I don't know what to say. Today was intense. I started reading a book, well listening to a book and it was good. It had me in heavy thought and then I headed to Vellum (young adults group) and we talked about the death and resurrection of the Lord. It was a good night in the sense of things being brought to the forefront of my mind and having my focus shifted off myself and back onto the Lord. It was this good time of prayer and intercession. But I just got to thinking about life and things, and this book its interesting all the ideas it brings up and how applicable it is to time and the things that are going on in life. You know I go through my day all the time forgetting about the intensity and the significance of his actions.
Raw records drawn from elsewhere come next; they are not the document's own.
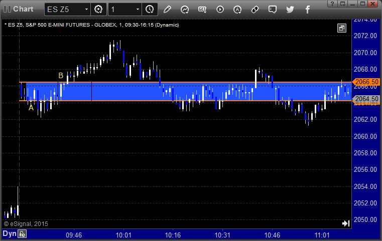 ES Opening Range Play triggered short at A and didn’t work, triggered long at B and did: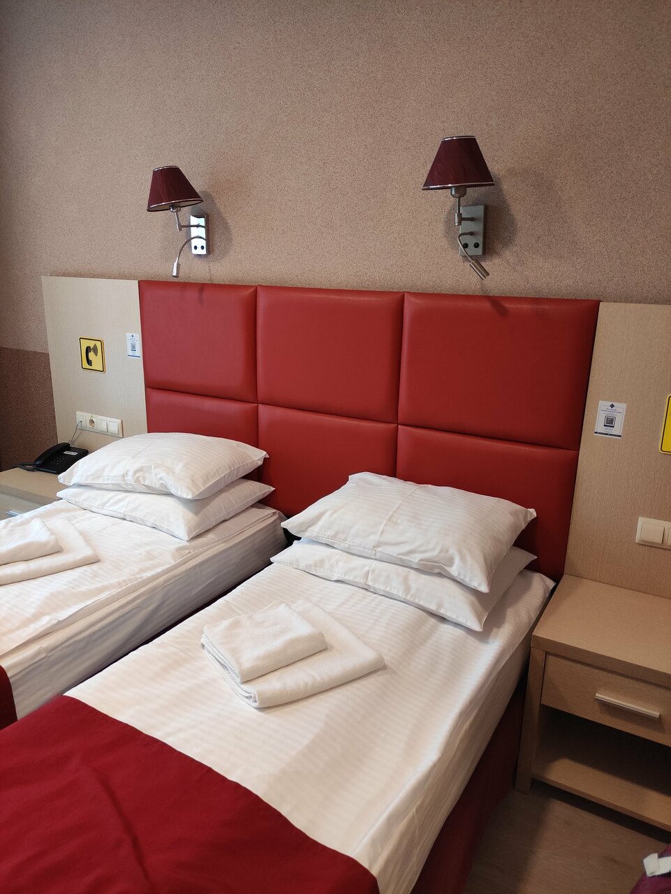 Останавливались в этом отеле семьёй. И, как оказалось, не ошиблись с выбором. Удобное расположение: 5 мин до вокзала, 2 мин до пешеходной туристической зоны. Внутри чисто убрано, в номерах есть все необходимое. Даже лифт есть! Из минусов: слышимость хорошая из соседних номеров и раковина очень маленькая — умываться неудобно. Но плюсов намного больше. Тем более, нагулявшись до позднего вечера, спишь как убитый и ничего не слышишь. Чего стоит хороший полноценный завтрак со шведским столом и круглосуточный кофе. Уборка номера каждый день. А также комплимент от отеля: яблочки и круассанчики при выезде. Поэтому небольшие недостатки не позволили мне поставить ниже твердой пятерки. Если поеду ещё раз, то обязательно рассмотрю данный отель для проживания. Да, кстати, забыл сказать, что это все достаточно недорого и конкурентно по цене с аналогичными предложениями.
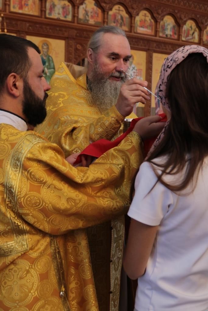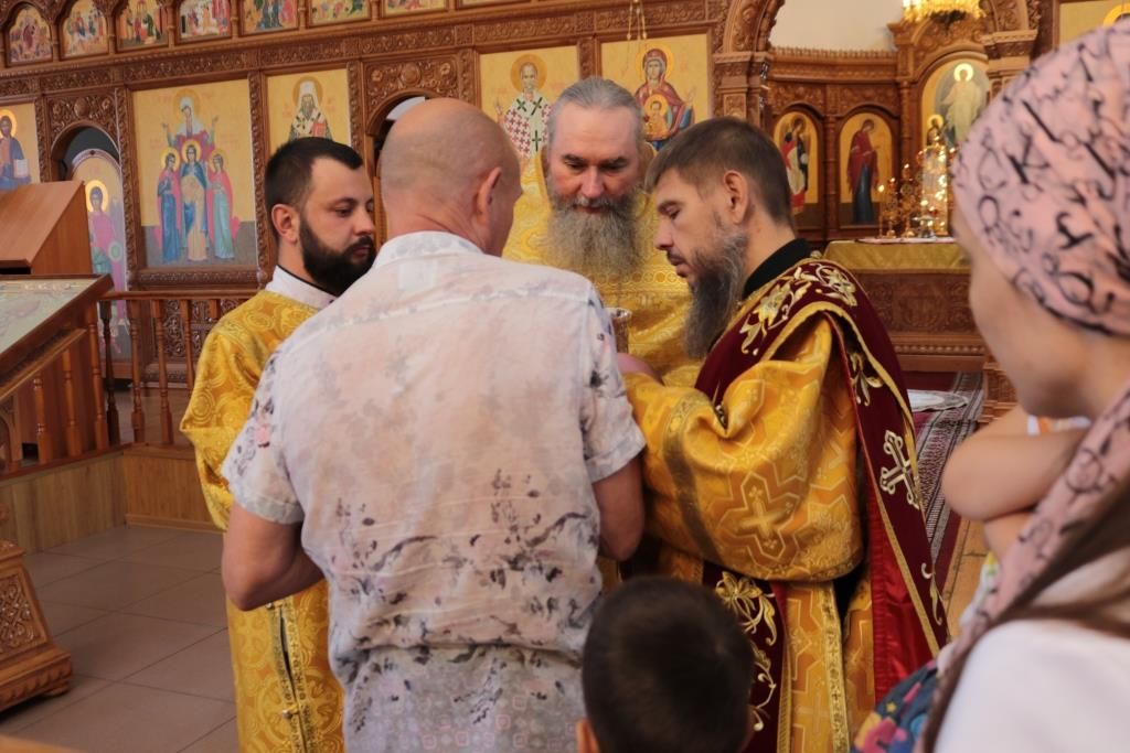 После проповеди Владыка архиепископ пожелал всем собравшимся крепости духовных и телесных и окропил прихожан святой водой.

I know this sounds horrible, but its true I get so caught up in me and ish that I forget about it. And then of course someone says something to me about the Lord and his ability to meet me where I am and he won't leave me, and though I know this I don't think about it. I don't think wow the power behind his death and resurrection. I just go on in my self involved day and maybe pray to him but i don't know that i always get it. So I was in my book this morning and it was talking again about this relationship between us and the Lord, or us and each other and I was reminded of the ability to love beyond myself. How we are called to extend that love to one another. I think I get so caught up in my fear that I miss that we are all the same in some form or fashion. At times I walk around with this fear that I will give myself to someone and they will withdraw and I will be left feeling sad, violated, silly. And there was this time in my life where I wouldn't open myself up to others because I was sick of the hurt that came with the disappointment. But then one day I took the Lord at his word, that I was/am his beloved and he will not/does not leave me. I was reminded of this today. That putting yourself out there is often the best part, if I am not willing to take that step of faith then I just might miss some of the best things life has to offer. I might just miss out on the one thing that I was created for.
All this to say, some times its scary sometimes I don't know what I am doing, and maybe some times you don't know what you are doing, maybe you don't think you have it in you. But the Lord says that you are his beloved and you have limitless worth. I encourage you to not put up walls and take a step of faith and trust him cause he is worth trusting.
I love you all, thanks for the moments of sharing and I pray those moments continue for a life time. I am praying for you that the Lord would meet you where you are and do what only he can do.

Shag the movie

Ok so I watched this movie today, for like the millionth time but not the point. I love it. I love the idea of you and your best girlfriends spending your last summer together, dancing and living by the beach. But you know what else I love about this movie? Well its set back in the 50s and the dancing in the movie isn't all dirty and uncomfortable to look at. It is set in a time when men and women still danced together and it was real dancing (shagging if you will.) There is this one character that I identify with, Pudge, she is the dancer out of the group and I just love her spirit. Anyhow...lets just take a moment of silence in remembrance of partner dancing.......
ok great.
miss you guys, love you guys, more randomness to come.

Monday, April 2, 2007

random thought

So today as I sat in way too much traffic I started thinking about how they say that colors can affect ones mood. Then looking at the red lights I started wondering if that is the reason that everyone gets so angry and has such horrible road rage...does the red make us go crazy? I don't know just a random thought.

Sunday, April 1, 2007

A page is turned

So the artist of the day is Bebo Norman...that's right I was rummaging around in my old Cd's and found this one with some songs I used to jam to...so today I listened to Bebos A Page is Turned over and over on the drive home. I have also found one of my faves during college by a group by the name of Waterdeep I have to some times seriously wonder how I found these bands.
OK well I just thought I would encourage you to go look at your old stuff and have a good time reminiscing over the "good ol' days."